+++ SOURCE DATA +++
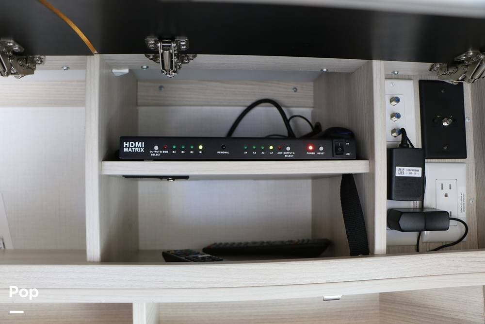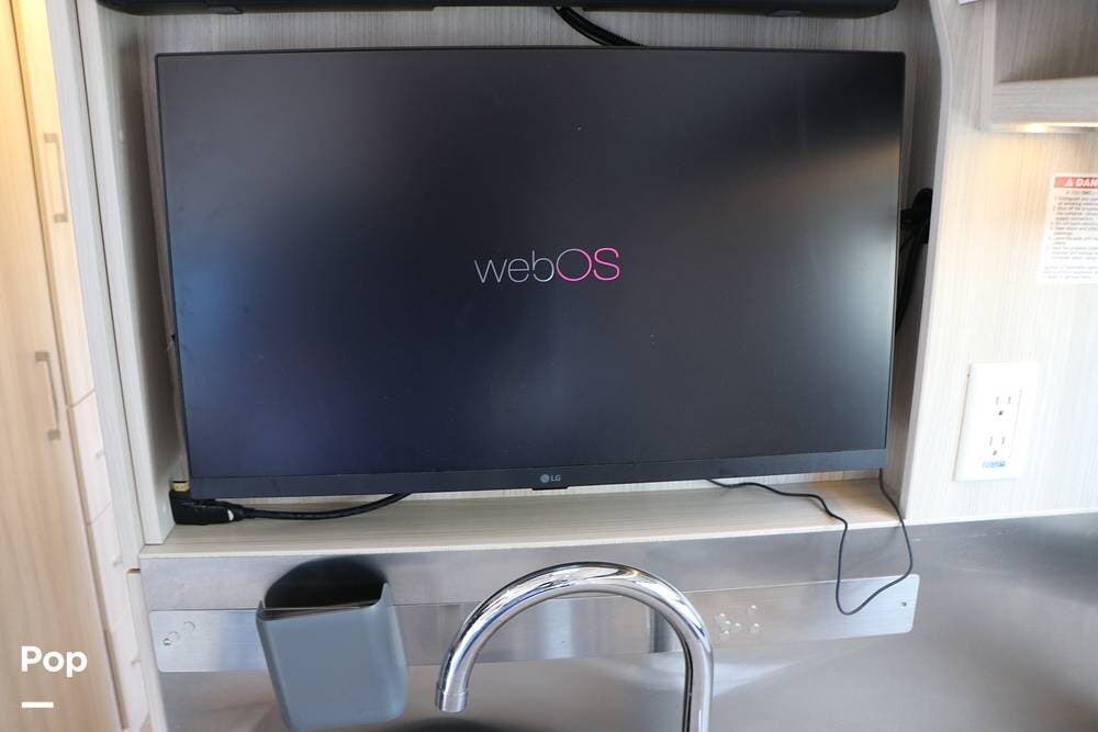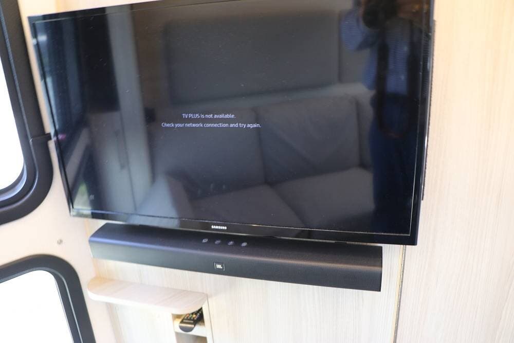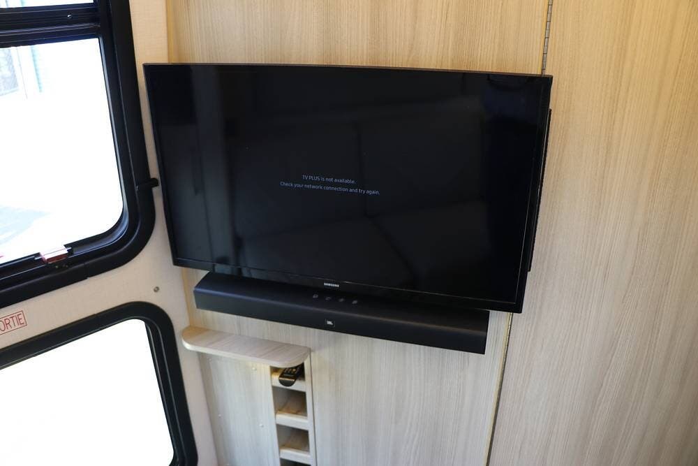 The large flat-screen Smart TV and stereo system provide entertainment options. There is a second Smart TV in the rear bedroom as well.
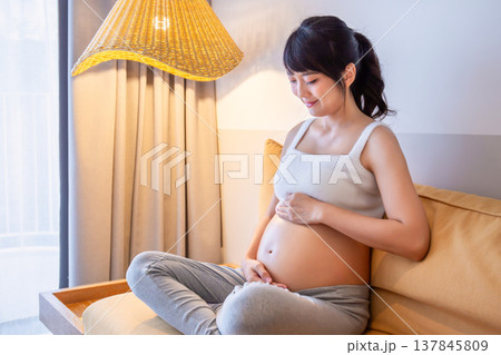 Young expectant mother sits on a comfortable sofa, cradling her pregnant belly with a gentle smile, anticipating new life
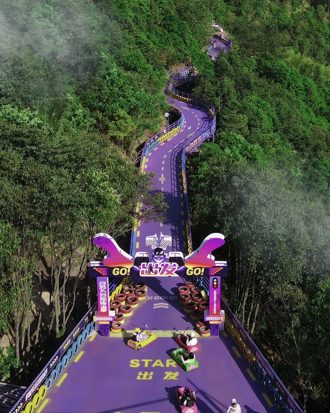 入口➠魔毯上山➠紫绫纤手➠云梯天桥➠天空之镜➠幻石龙宫or飞梯➠雪豹飞车➠紫龙峡高空漂流➠恐龙谷➠裸眼7D太空飞船➠出口
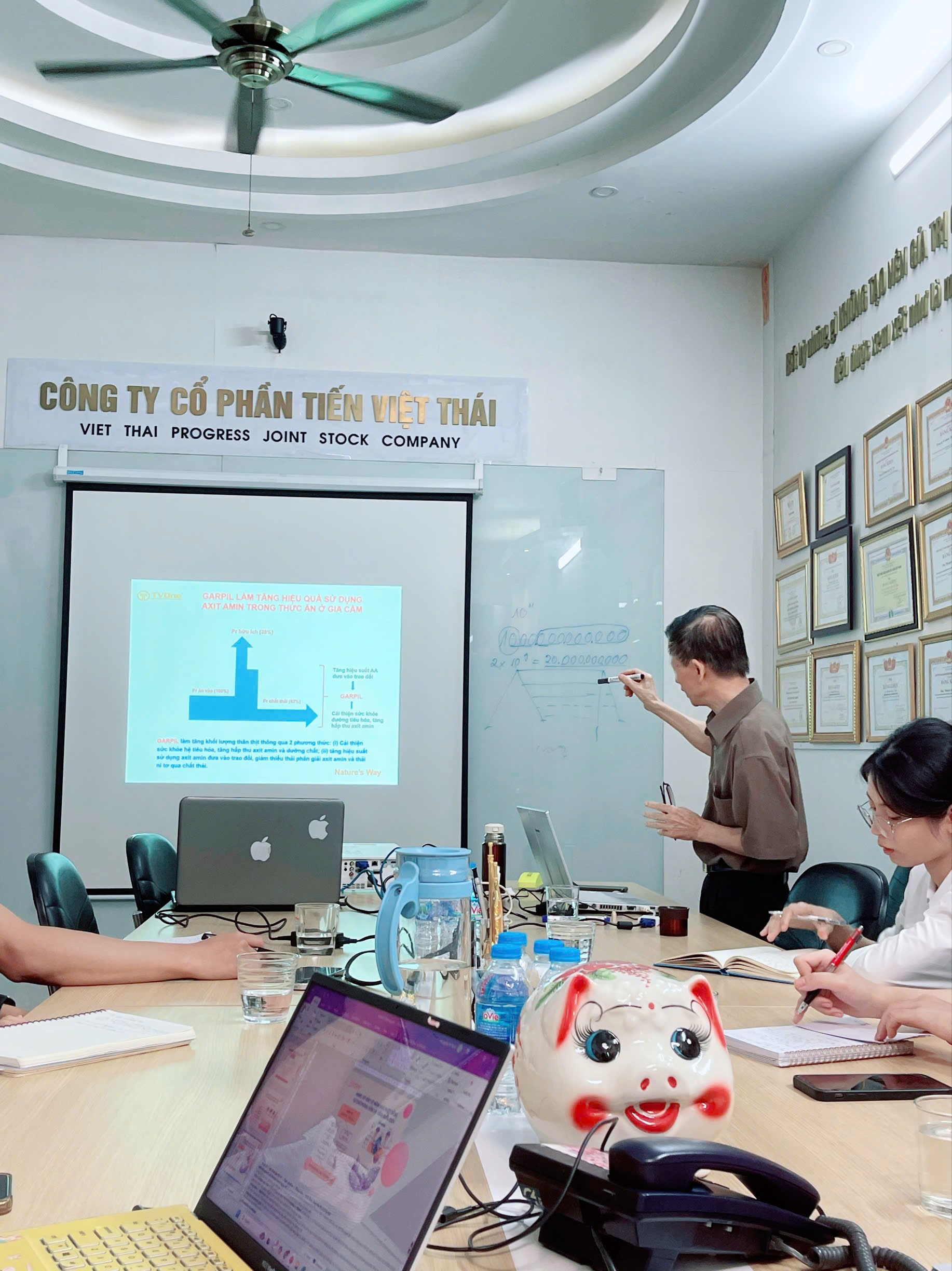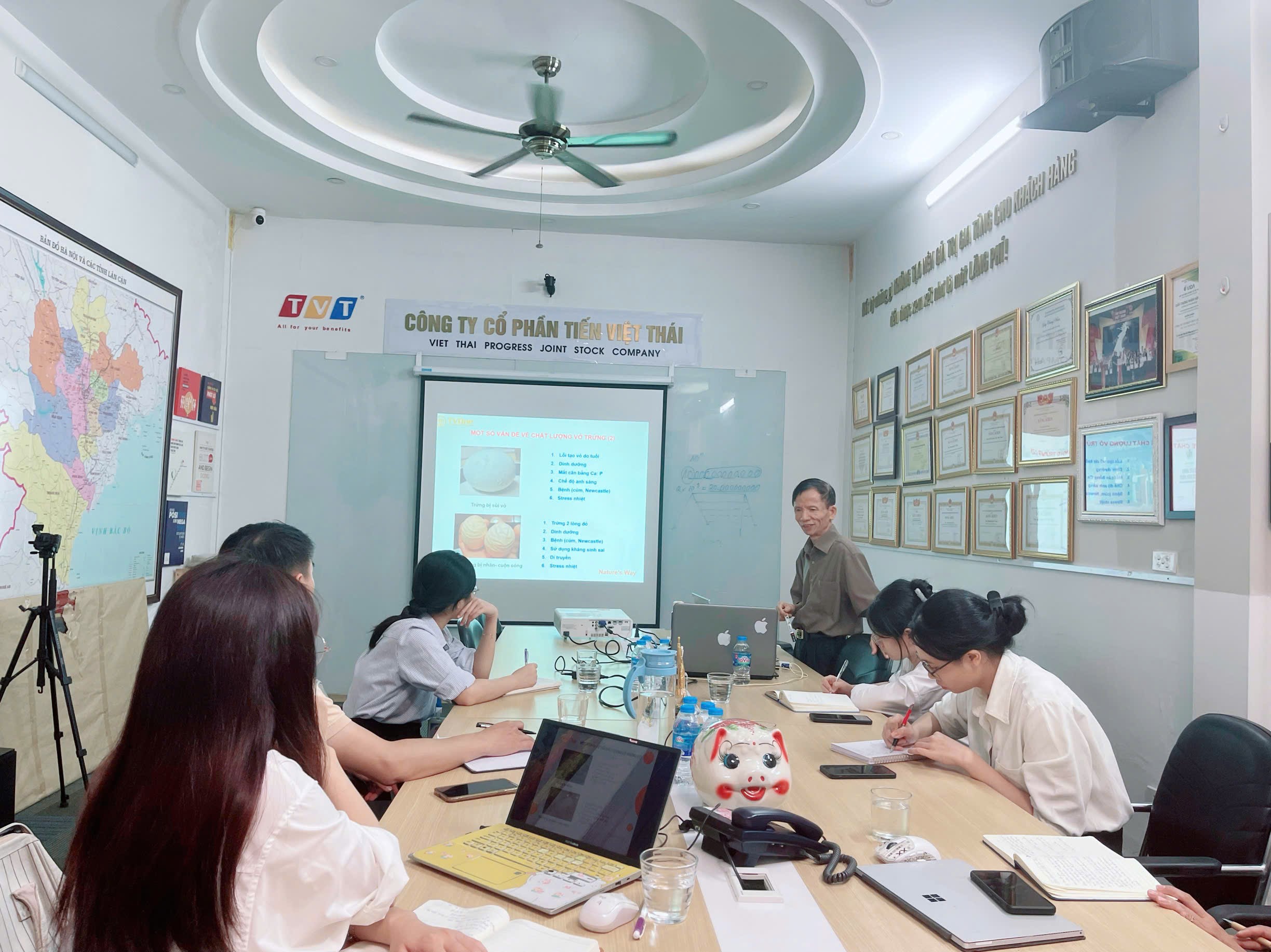 Ngày 14/11/2024, Tại phòng họp Công Ty CP Tiến Việt Thái đã diễn gia buổi đào tạo sản phẩm cho CBNV phòng Kinh doanh và Marketing. Người trực tiếp đứng giảng trong buổi đào tạo là: TS.Trần Quốc Việt , nguyên Trưởng bộ môn Dinh dưỡng và Thức ăn chăn nuôi , Viện Chăn Nuôi.
+++
**TASK ITEM**
Copy only this, please: the line with "Young expectant mother" and every line after it through the end of the data, with no pictures.

**TASK RESULT**
 Young expectant mother sits on a comfortable sofa, cradling her pregnant belly with a gentle smile, anticipating new life
 入口➠魔毯上山➠紫绫纤手➠云梯天桥➠天空之镜➠幻石龙宫or飞梯➠雪豹飞车➠紫龙峡高空漂流➠恐龙谷➠裸眼7D太空飞船➠出口
 Ngày 14/11/2024, Tại phòng họp Công Ty CP Tiến Việt Thái đã diễn gia buổi đào tạo sản phẩm cho CBNV phòng Kinh doanh và Marketing. Người trực tiếp đứng giảng trong buổi đào tạo là: TS.Trần Quốc Việt , nguyên Trưởng bộ môn Dinh dưỡng và Thức ăn chăn nuôi , Viện Chăn Nuôi.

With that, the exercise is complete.